Venez voir sa seconde toile, la Vierge enfant ayant la vision de la croix...
Vous paraît-elle de la même main?
Saurel examina attentivement la gracieuse figure, pensivement
agenouillée et recueillie :
— Certainement, dit-il, l’artiste qni a fait dans la même année
deux toiles aussi différentes, a de l’étoffe; pourtant, je n’ai pas de
peine à le retrouver dans les deux. Il a une façon à lui de traiter ses
tons, de manier la gamme des nuances, de comprendre l’attitude et de
calculer l'effet d’ensemble. J’y trouve même un certain maniérisme...
— Un maniérisme charmant, sans affectation, tout moderne.
— C’est vrai, ce maniérisme est une qualité; mais il peut devenir
un défaut.
— Oh! je vous en prie, tenons-nous-en à ce que nous voyons, ne
nous amusons pas à escompter l’avenir des artistes. Pour ma part, je
ne veux pas gâter par des prévisions qui, je l’espère bien, ne se
réaliseront pas, le plaisir que me fait cette exquise composition. Car
je l’aime autant que l’autre. Il n’y a pas jusqu’à l’uniformité de la
couleur qui ne me ravisse. Et surtout, je me plais au sentiment par-
ticulier qu’elle dégage : c’est religieux et c’est poétique, c’est reli-
gieux... comme on peut l’être aujourd'hui, sans foi peut-être, en
dehors de la tradition orthodoxe, en dehors de l’idée habituelle
qu’on se fait des personnages sacrés, par rêverie, par dilettantisme.
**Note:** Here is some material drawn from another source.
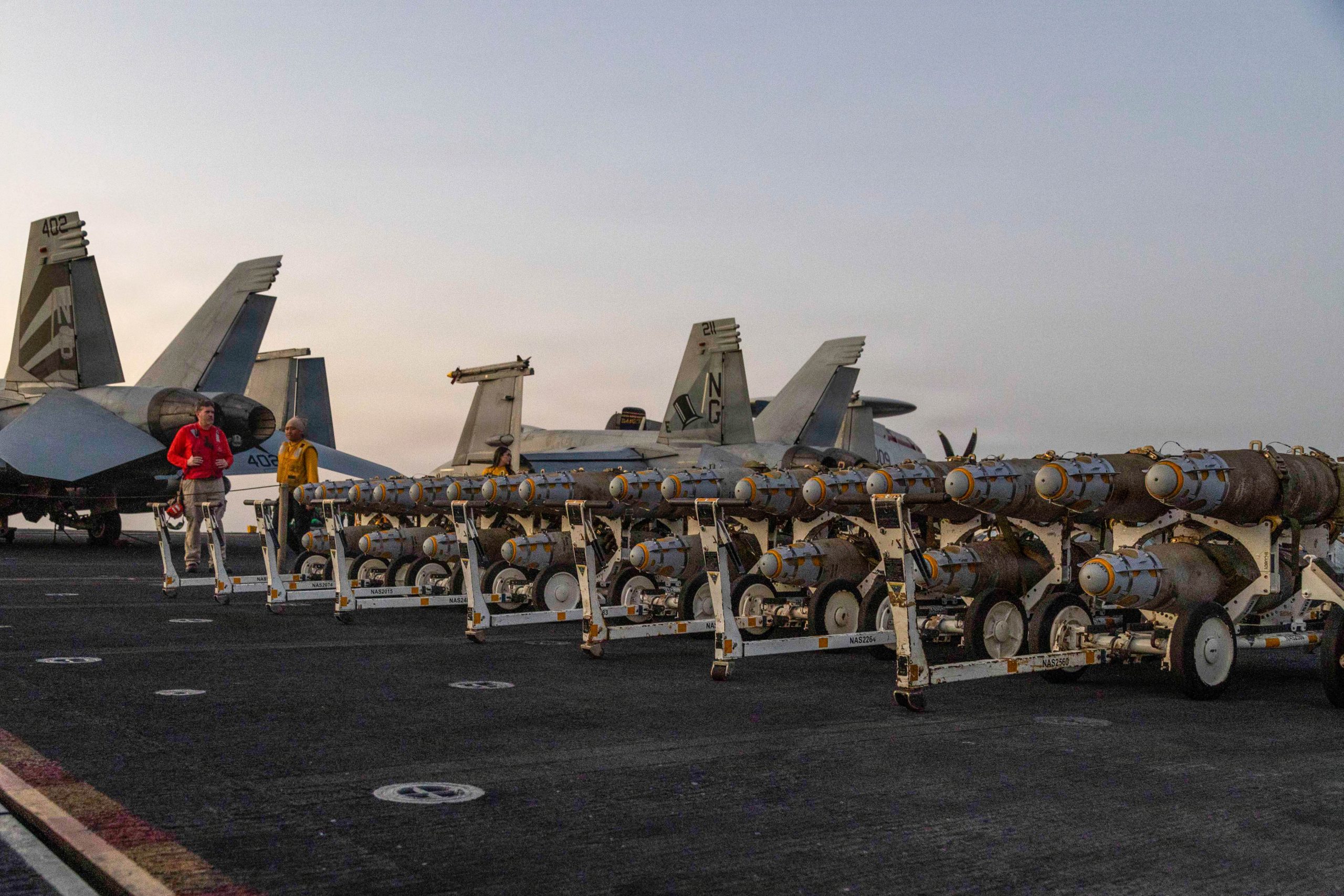 Marineros estadounidenses se preparan para cargar municiones en un F/A-18F Super Hornet, asignado al Escuadrón de Cazas de Ataque (VFA) 41, en la cubierta de vuelo del portaaviones USS Abraham Lincoln (CVN 72) de clase Nimitz, en apoyo de la Operación Furia Épica, el 28 de febrero de 2026. (Foto de la Marina de los EE. UU.)

Mais, je vous le disais tout à l’heure, et il faut que je vous le répète,
et j’aurai l’occasion de vous le répéter encore, ce sentiment religieux,
incomplet, peut-être factice, qui souffle depuis quelques années, nous
rafraîchit l’âme, rend une jeunesse à nos pensées, nous arrache au
matérialisme où notre art et notre littérature ont failli sombrer. Et
ici, pouvez-vous méconnaître qu’il soutient la main de l’artiste?...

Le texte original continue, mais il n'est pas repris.